The unprecedented fires aren’t just caused by the climate crisis. Land use –especially real estate and animal husbandry – have a lot to answer for
A good, natural fire can be a cleansing force. Yet, the recent and ongoing catastrophic fires around the world – including in Brazil, the US, Sweden, Russia and Australia – are not moments of a healthy fire cycle but conflagrations of a dying biosphere.

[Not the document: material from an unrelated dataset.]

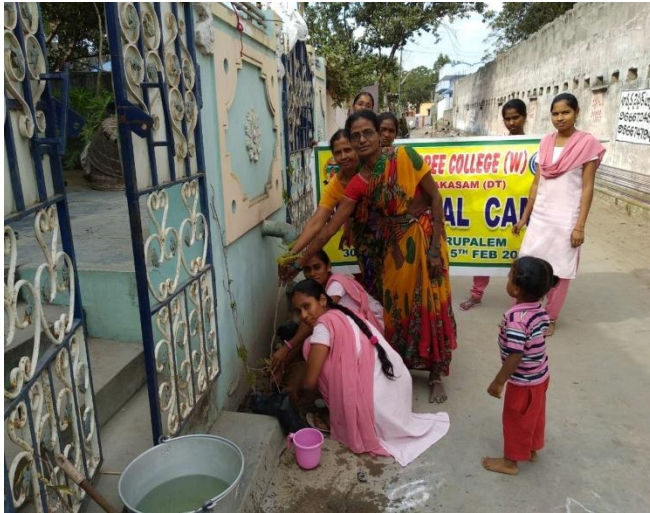
NSS Volunteers involved in Plantation program at Epurupalem

Terrible as they are, the fires in the western American states are only middling on a global scale. As of early November, 8.6m acres (3.5m hectares) had burned nationally, with half of that total in California. This year has been the worst fire season on record for Colorado and California, the latter enduring five of its six largest fires since colonization. But the American catastrophe pales in comparison to Australia’s wildfires last summer, which incinerated an eye-watering 46m acres. More than a fifth of the country’s forests were destroyed in a single year. Siberia’s fires in 2020 were even bigger – 47m acres. A tenth of South America’s largest wetland, the Pantanal, went up in smoke this year – some 6m acres – coupled with the Amazon losing 8.5m acres. That latter figure is only half the size of last year’s fiery nightmare.
These unnatural wildfires may offer few ecological benefits, but they clear out the deadwood clogging up the public sphere. It is commonly understood that the recent fires are linked to climate change, but that is only half right. “Land-use change” is a cause of similar importance, yet it takes up little space in our public sphere. While the center and left may congratulate themselves that they “get” climate change unlike the pig-headed right, no political faction has mobilized around this second great disaster.
The recent fires each have local idiosyncrasies, such as the Brazilian government’s murderous attack on indigenous people or California’s trillion-dollar real estate industry, but a global perspective helps one see why things became awful everywhere. Climate change can reduce precipitation and warm the air, a combination that dries out soils and trees in some ecosystems like California, turning forests into kindling awaiting a spark. Such processes are aggravated by the jump in deforestation globally since the 1990s. The end of history seems to have heralded the end of forests too. For example, most clearcutting of the Amazon has happened since 1990, with almost all of the land replaced with pasture for cattle. As the world-market finally emerged in the 1990s – an event predicted nearly a century and a half before by Karl Marx in 1848 – capitalism swiftly remade heaven and Earth through carbon emissions and land-use change of unprecedented scope.
Centrists seem to believe that the fires will convince conservatives that climate change is real. This has not happened. During a press conference on the fires in September, Donald Trump claimed that “it’ll start getting cooler”. After the Arctic tundra caught fire for the first time in 2018, the fascist Sweden Democrats suggested cutting taxes on gasoline. Conservatives in Australia and Brazil blamed the fires on non-existent eco-terrorists. Centrists don’t realize that the solution is not more “facts” but a rebalancing in social forces.